I nostri agenti sono quotidianamente impegnati al massimo, ma non possono fare miracoli. Non è pensabile chiedere loro di coprire turni massacranti e di garantire una presenza capillare in un contesto di crescenti esigenze e rischi.”, già fanno il possibile e l’impossibile per “esserci sempre”. È fondamentale avviare piani straordinari di assunzione e formazione, ripristinando un numero di agenti adeguato alle reali esigenze del territorio e all’aumento del flusso di passeggeri. Certamente con l’aumento delle pattuglie, l’implementazione di nuove tecnologie di sicurezza e campagne di sensibilizzazione si potrà raggiungere l’obiettivo. A rendere il quadro ancora più allarmante, è l’assenza di una figura di comando chiave: da più di un anno non è presente un funzionario a capo della Sezione. Questa mancanza impedisce una guida strategica essenziale e una essenziale e piena operatività. È un’assenza che si ripercuote negativamente sulla struttura organizzativa rispetto alla quale è necessario intervenire con massima urgenza. La Stazione Ferroviaria, snodo cruciale per la mobilità e porta d’accesso alla nostra città, sta disgraziatamente diventando teatro di eventi che minano la sicurezza dei cittadini, degli utenti e dei turisti. Tale situazione è inaccettabile e richiede un’azione immediata e coordinata.

Per questi motivi, chiediamo formalmente alle Autorità Provinciali di Rimini, l’apertura di un Tavolo Tecnico di Coordinamento che coinvolga tutte le istituzioni preposte alla sicurezza e, se ritenuto opportuno, anche rappresentanti delle categorie economiche e sociali interessate perché venga valutata l’immediata istituzione di una “Zona Rossa” nell’area della Stazione Ferroviaria e nelle zone immediatamente adiacenti. Tale misura, a carattere temporaneo ma urgente, permetterebbe di rafforzare significativamente i controlli e la presenza delle Forze dell’Ordine, fungendo da deterrente e garantendo maggiore tranquillità alle persone.
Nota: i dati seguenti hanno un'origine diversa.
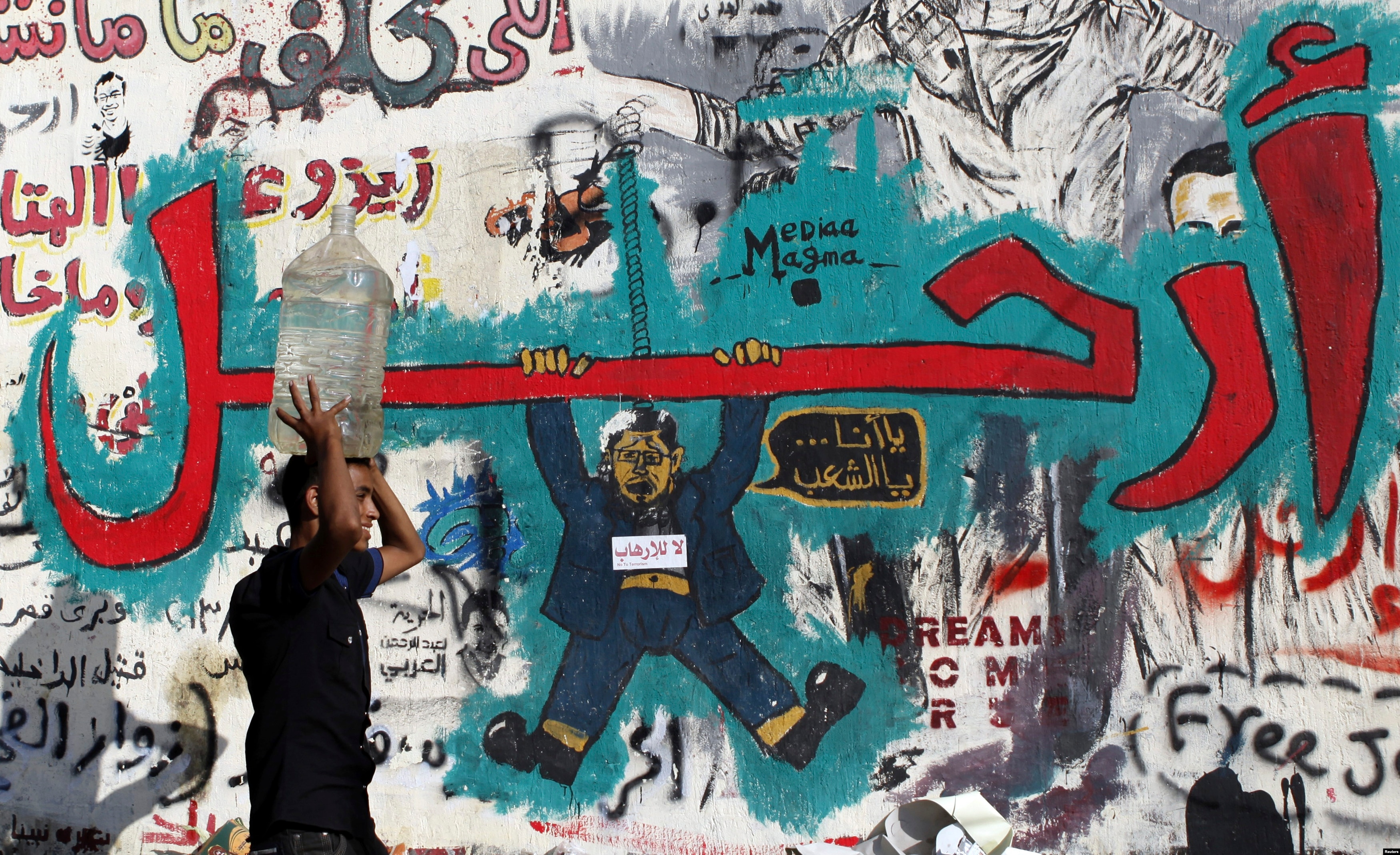 A man carrying a water container on his head walks in front of a wall filled with graffiti depicting deposed Egyptian President Mohamed Morsi with a message reading "Leave", at Tahrir Square, Cairo, July 14, 2013.

È fondamentale che vengano messe in campo soluzioni strutturali che vadano oltre l’emergenza, garantendo un appropriato e duraturo grado di protezione e serenità per un’area così nevralgica. Siamo certi che solo attraverso una fattiva collaborazione tra tutte le parti in causa sia possibile ripristinare un adeguato livello di sicurezza e serenità per tutti coloro che frequentano la Stazione di Rimini in primis nonché Riccione e Cattolica. Restiamo a completa disposizione delle Autorità per fornire il nostro contributo e partecipare attivamente a qualsiasi iniziativa volta a risolvere questa delicata problematica.. Siamo certi che solo con un’azione decisa si potrà prevenire il ripetersi di simili episodi e ripristinare la fiducia in tutte le istituzioni coinvolte.”